La Cour de cassation continue la construction de sa jurisprudence dans l’affrontement protection de la vie privée du salarié et droit à la preuve. Après avoir jugé qu’un employeur ne pouvait licencier un salarié pour avoir tenu des propos insultants à l’égard de son supérieur dans le cadre d’échanges privés sur Facebook, même obtenus non frauduleusement, elle a désormais planché le 25 septembre1 sur la portée de la sanction de l’employeur en cas d’atteinte à la vie privée du salarié et a fait émerger une nouvelle subtilité. L’intimité de la vie privée du salarié se distingue de sa vie privée.
Dans l’une des deux affaires qui lui étaient soumises, le salarié avait été licencié par la RATP au motif que, lors d’un contrôle de police, après son service, il aurait été trouvé en possession de cannabis. Dans l’autre, il avait été licencié en raison de propos échangés lors d’une conversation privée, mais tenue pendant son temps de travail, grâce à l’outil informatique mis à sa disposition par son employeur.
« Reste à définir l’intimité, ce « sanctuaire particulièrement protégé », selon le doyen Waquet. »
La conversation n’était pas professionnelle et sans rapport avec sa vie privée stricto sensu, s’agissant de blagues pour lesquelles la Cour de cassation en 2022 avait écarté la qualification de harcèlement sexuel2. Elle était donc privée sans être personnelle. Dans ce cas, la Cour a jugé que « le salarié a droit, même au temps et au lieu de travail, au respect de l’intimité de sa vie privée, ce qui implique le secret des correspondances » et que le licenciement était constitutif de la violation d’une liberté fondamentale.
En conséquence, en dérogation au principe selon lequel la rupture du contrat de travail n’ouvre droit pour le salarié qu’à une réparation indemnitaire, il peut désormais demander l’annulation de son licenciement et solliciter sa réintégration. À l’inverse, si posséder du cannabis dans son véhicule en dehors des heures de service relève de la vie privée et ne peut justifier un licenciement, cela ne relève pas de l’intimité de la vie privée et ne peut justifier la nullité du licenciement.

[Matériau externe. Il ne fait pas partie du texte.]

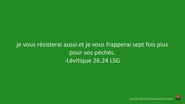 je vous résisterai aussi et je vous frapperai sept fois plus pour vos péchés. -Lévitique 26:24 LSG

Si la Cour de cassation, dans les deux cas, confirme que l’employeur n’a pas à juger la vie privée du salarié et que, s’il en prend connaissance, il est tenu d’en faire abstraction, seul le droit au respect de l’intimité de la vie privée est une liberté fondamentale. Reste à définir l’intimité, ce « sanctuaire particulièrement protégé », selon le doyen Waquet : cela devrait être a minima outre la protection de la correspondance, celle de la vie sentimentale et sexuelle, de la santé et du domicile. À suivre.